LPE: Are companies worried about problems they can’t solve?
Hoogenstryd: Yield is the big thing customers are worried about. In my opinion, this push to get everything closer and closer together while being worried about 90% yield seems to be a crazy tug of war. The closer you put things together, the more likely you are to have a yield problem. For customers, density is not the issue. The average chip size hasn’t changed much in the past 20 years. But at 22nm, how many companies can come up with IP to fill that chip other than putting more and more memory on board. The rules in DRC have exploded to compensate for the lithography and CMP effects. There’s a debate about whether we continue pushing things closer together or whether we go to restrictive design rules, which may not be as efficient from a silicon area, but it does simplify the flow and make it more productive.

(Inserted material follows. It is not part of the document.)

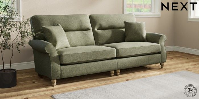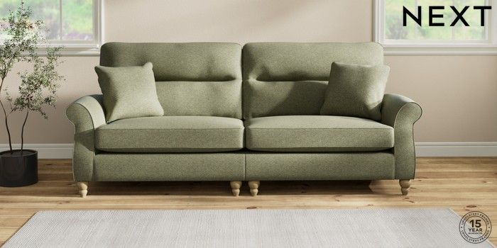 7.2.10 Ashford Highback 4 Seater Sofa Tweedy Chenille Mid Moss Green Low Turned - Light | Made Click here to use our website with more accessibility support, for example screen readers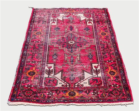 TAPPETO CAUCASICO - CAUCASIAN RUG fondo rosso, campo con disegni geometrici con toni del beige, blu e giallo, difetti cm 198x127

Robertson: When a customer does a DOE at the leading edge and the silicon is varying 20% or 40% vs. simulation, they usually ask us to help find the error and figure out whether they’re compartmentalizing the problem appropriately. We have all of these techniques to identify how the silicon performs. There is geometric variation that needs to be captured. Is it simulation-based or table-based? Is that the source of the error? Is it silicon stress? There are all of these effects. Some are in the device model. Some are printing of the wiring and the devices around them. And then there’s the actual calculation of the parasitics in the simulation. In the past, 65nm or 90nm, if you had a DOE with poor performance you could find the tall nail. Now when customers ask, it’s a combination of these effects. It’s probably 5 or 6 things that need to be fixed. And that’s at 32nm. At 22nm, with FinFETs, that’s going to be really interesting.